Forget impeachment, this is the really alarming GOP threat


Forget impeachment, this is the really alarming GOP threat

Impeachment and government shutdown are empty threats. But top Republican Tom Coburn is now proposing economic ruin

Forget impeachment, this is the really alarming GOP threat 
Tom Coburn (Credit: AP/Sue Ogrocki)
 
Sen. Tom Coburn, R-Okla., made headlines last week for entertaining the idea, at a meeting with constituents, that President Obama might be impeachable.
But it’s what he said about the plausibility of ending Obamacare — not about the wild fantasy of impeachment — that deserves real attention.

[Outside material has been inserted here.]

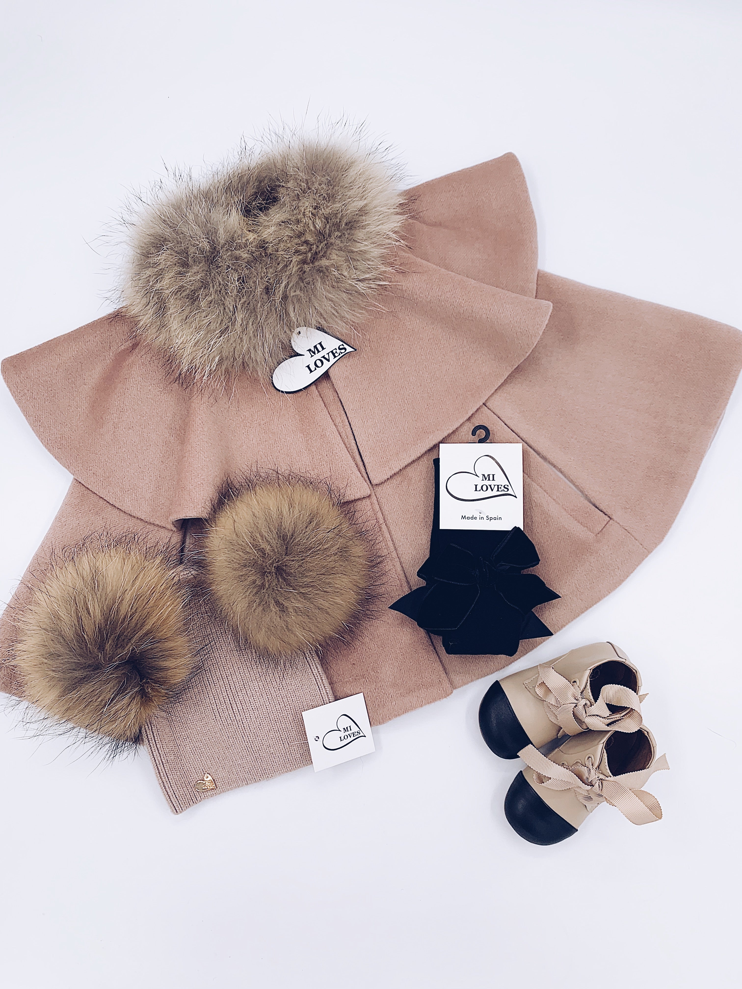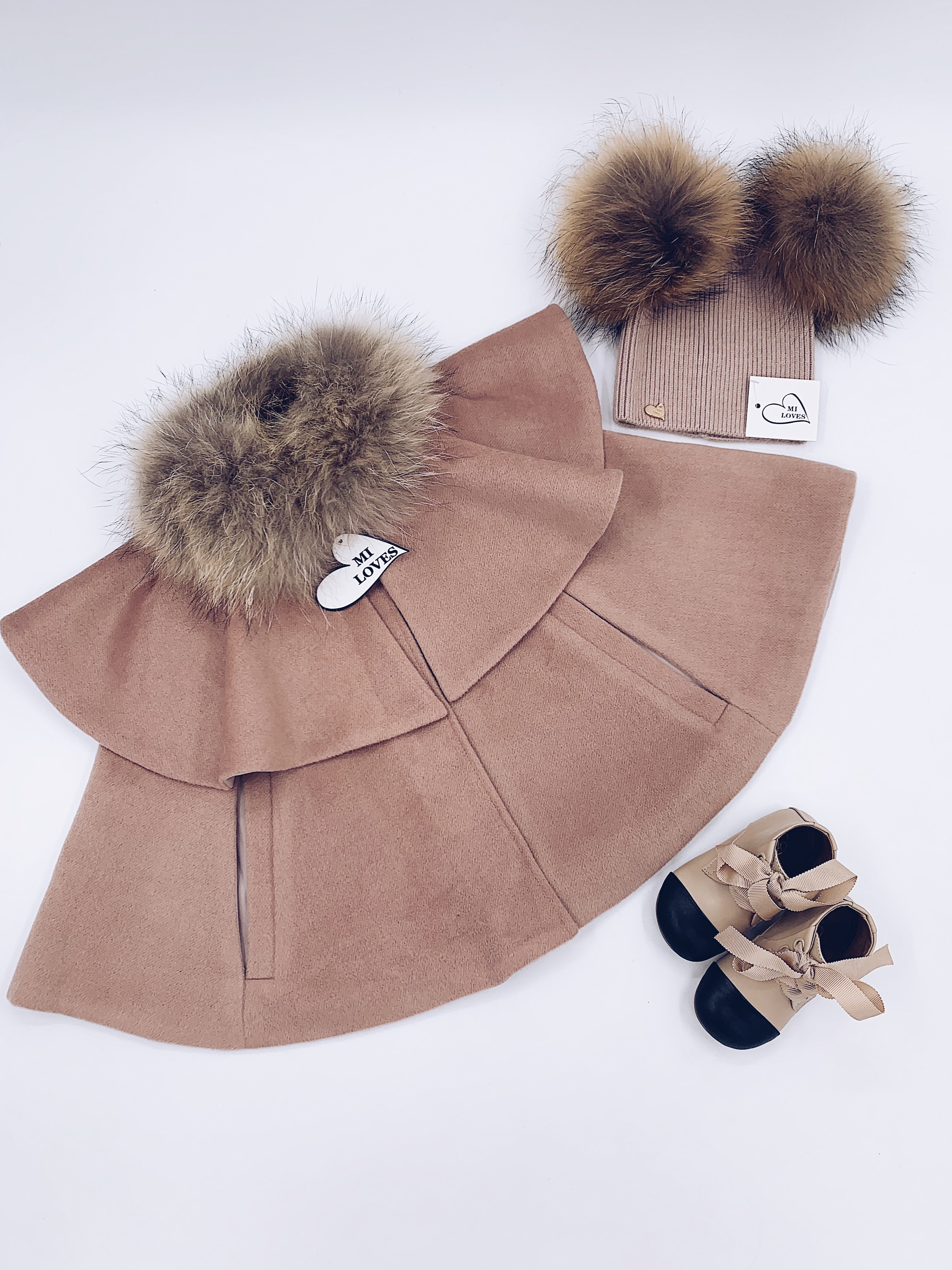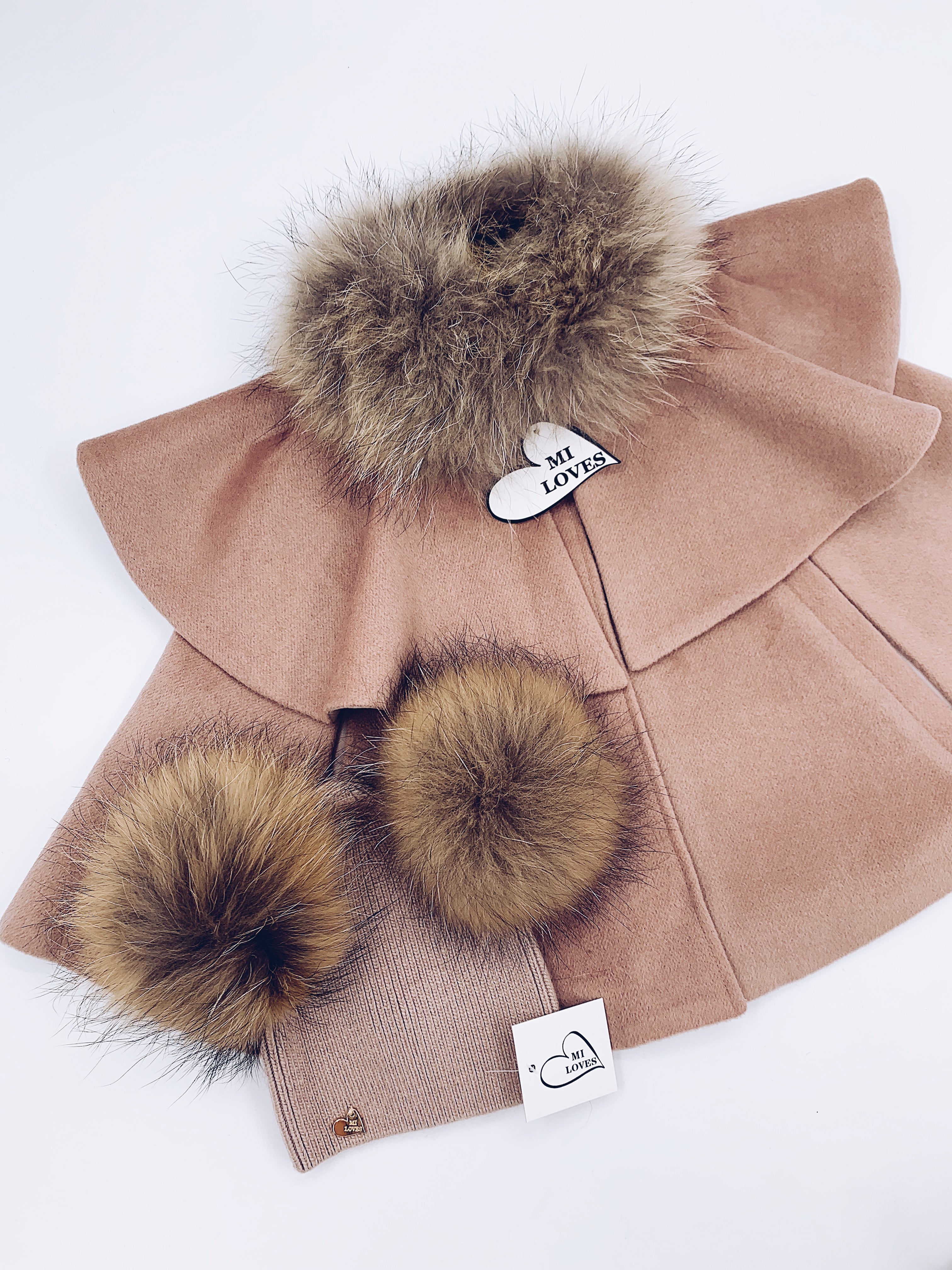 MI LOVES SIGNATURE LUXURIOUS CASHMERE CAPE WITH RACOON FUR TRIM in our Signature Cappuccino colour !!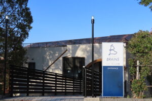 かわいいロゴの建物、右奥のドアからお部屋に入ります。

Coburn was an early and vocal critic of conservative efforts to make funding the government contingent on President Obama agreeing to defund his own healthcare law. He warned conservatives that Obama would never agree to this, the government would shut down, Obamacare implementation would continue apace, Republicans would face backlash, cave and the whole strategy would fail.
That analysis remains correct, and Coburn’s conservative bona fides made it easier for other Republicans to line up against Sens. Ted Cruz, R-Texas; Mike Lee, R-Utah; et al., against the defund strategy.

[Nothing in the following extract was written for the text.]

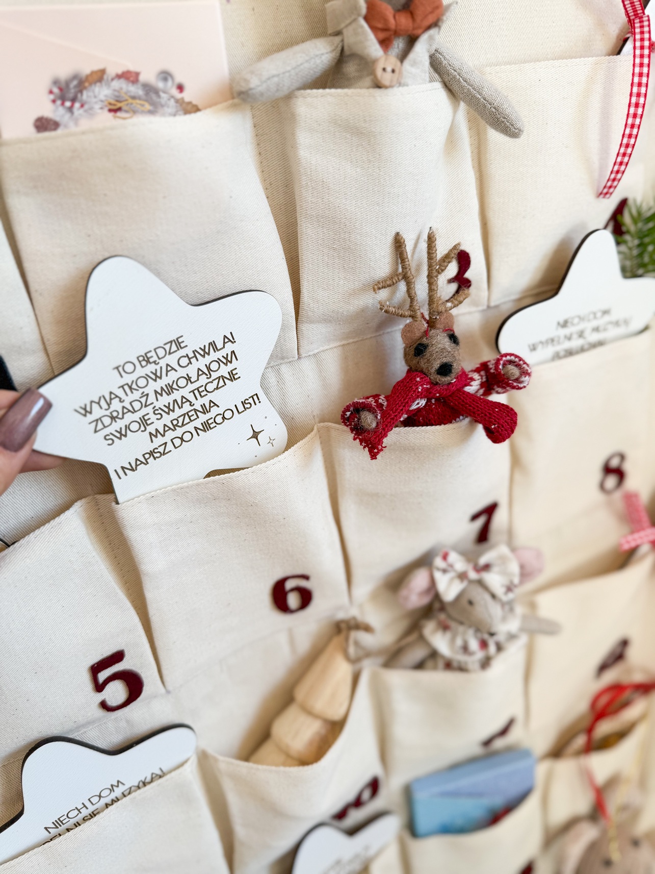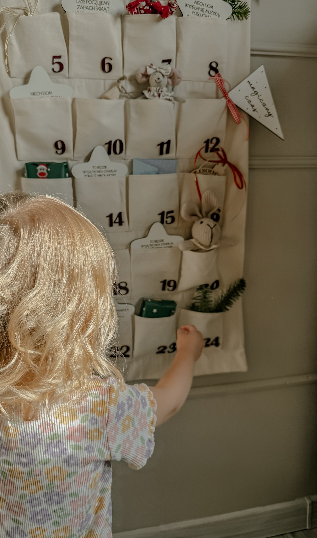 Ten kalendarz to nie tylko dekoracja – to cała świąteczna przygoda zamknięta w 24 kieszonkach.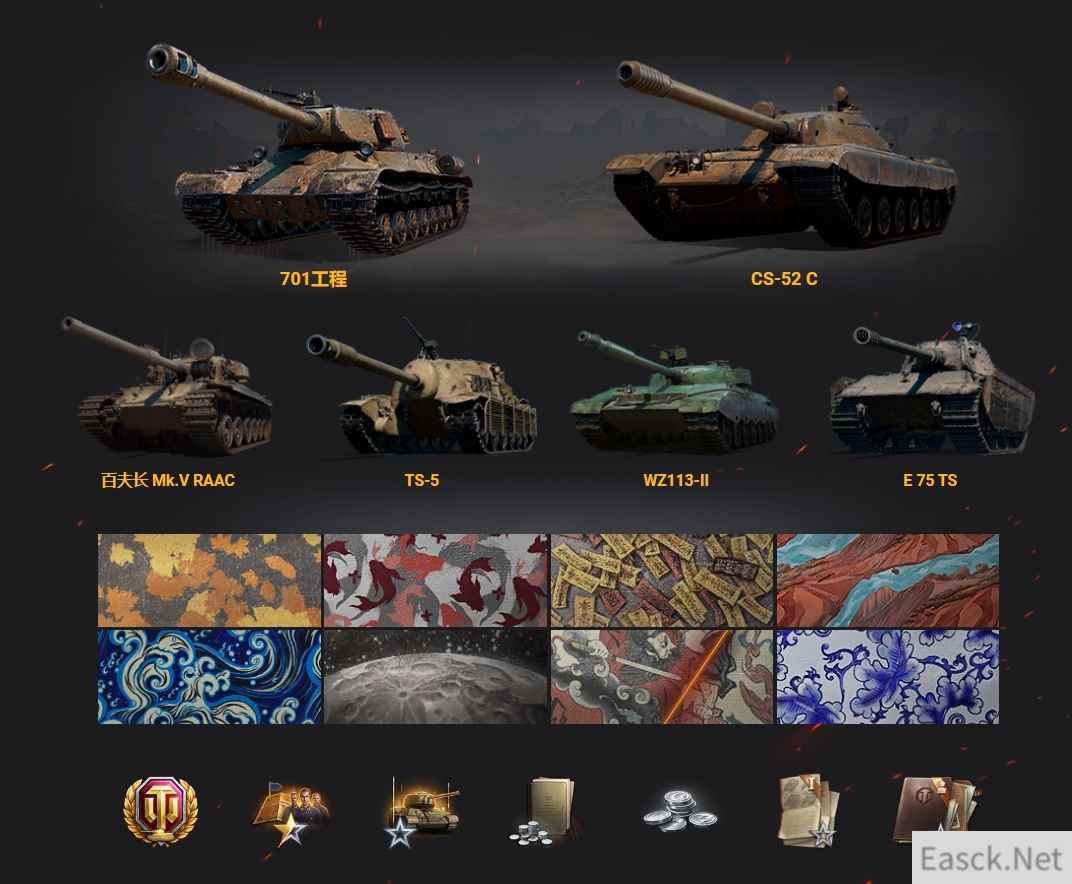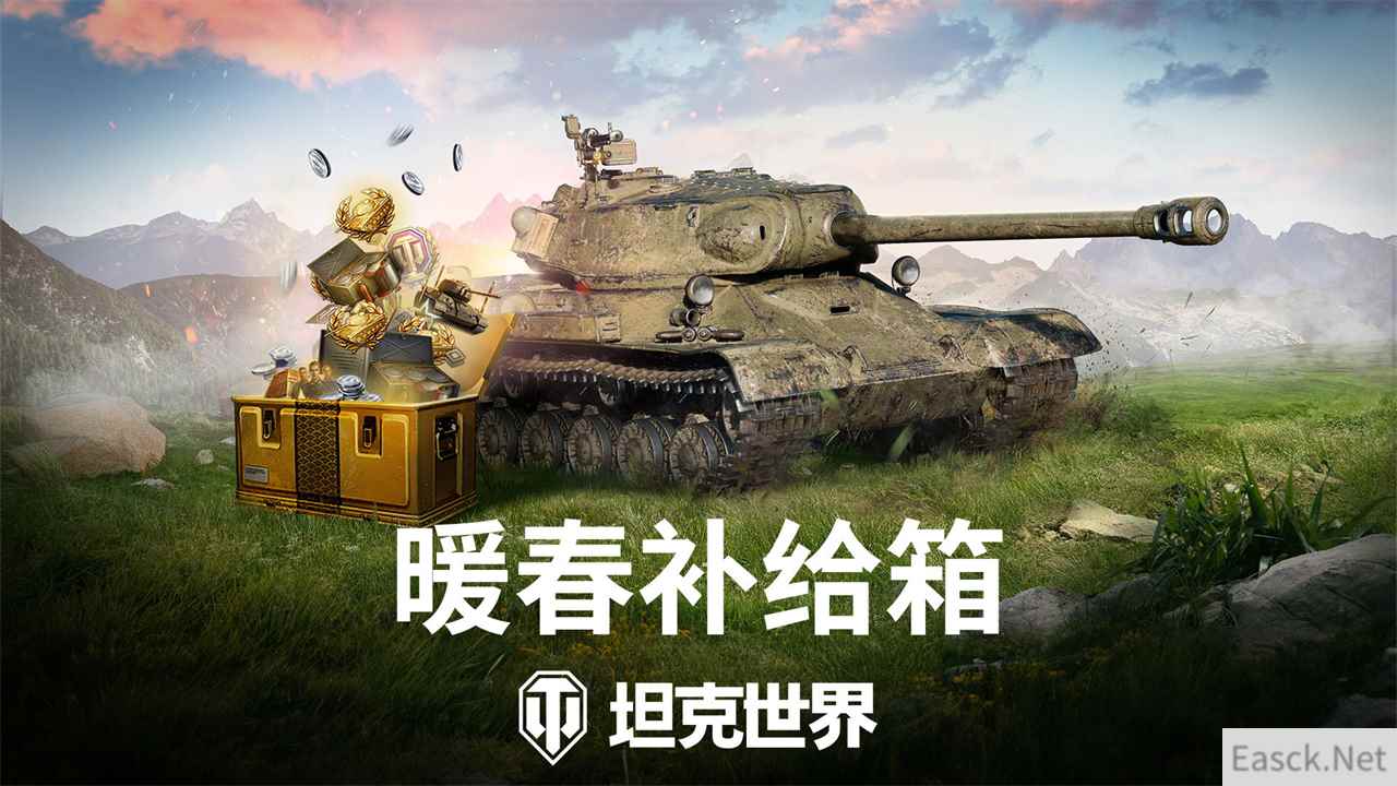 除了701工程以外,开启暖春补给箱还有机会获得其他5辆金币坦克: ·装甲和机动性兼备的 WZ113-II ·来无影去无踪且具有燃气轮机机制的 CS-52 C ·装甲坚固、穿透力强、射速高的 TS-5 ·车体正面装备间隙装甲,且火炮俯角优秀的百夫长 Mk.V RAAC ·简单可靠的全能重型坦克E 75 TS 开启暖春补给箱,将有机会获得: ·以上6辆金币坦克之一 (1.3%掉落几率) · 8款稀有2D风格之一,为您的新坦克换上春装 (15%掉落几率) ·下列资源之一: 个人储备或银币(50%掉落几率) ·下列资源之一: 乘员手册、《坦克世界》高级账号天数或个人储备(100%掉落几率)

Well, it turns out Coburn isn’t so levelheaded when it comes to the debt limit.
On Wednesday, a constituent asked Coburn, “What other alternatives are out there to keep this horrible bill from being implemented on October 1?”
Coburn, as my colleague Joan Walsh noted, responded thusly:
Oh, well the debt limit. The debt limit. The debt limit. You attach it to the debt limit. The point is that you attach a repeal of the mandatory spending to the debt limit. Otherwise the debt limit doesn’t go up.
Let me make a point…the one thing that average American agrees with us is the government wastes money. The one thing that the average American agrees with us is that trimming down the size of the federal government is a good thing. That’s an 80 percent issue in this country. Restricting the debt limit does both that and repeals the Obamacare. Or at least delay it for a couple years. Because it’s an absolute disaster.
Remember, we lost the ’12 election because no one knew what we were for, but we also lost the independent voter…because we didn’t seem reasonable to them in our approach to governing. People didn’t know what we were for. We talked about what we were against. And what we ought to do is put out a message of “here’s where we can actually do something that will actually make a difference for our kids. Not only will we have an impact on Obamacare, we’ll also have an impact on spending.”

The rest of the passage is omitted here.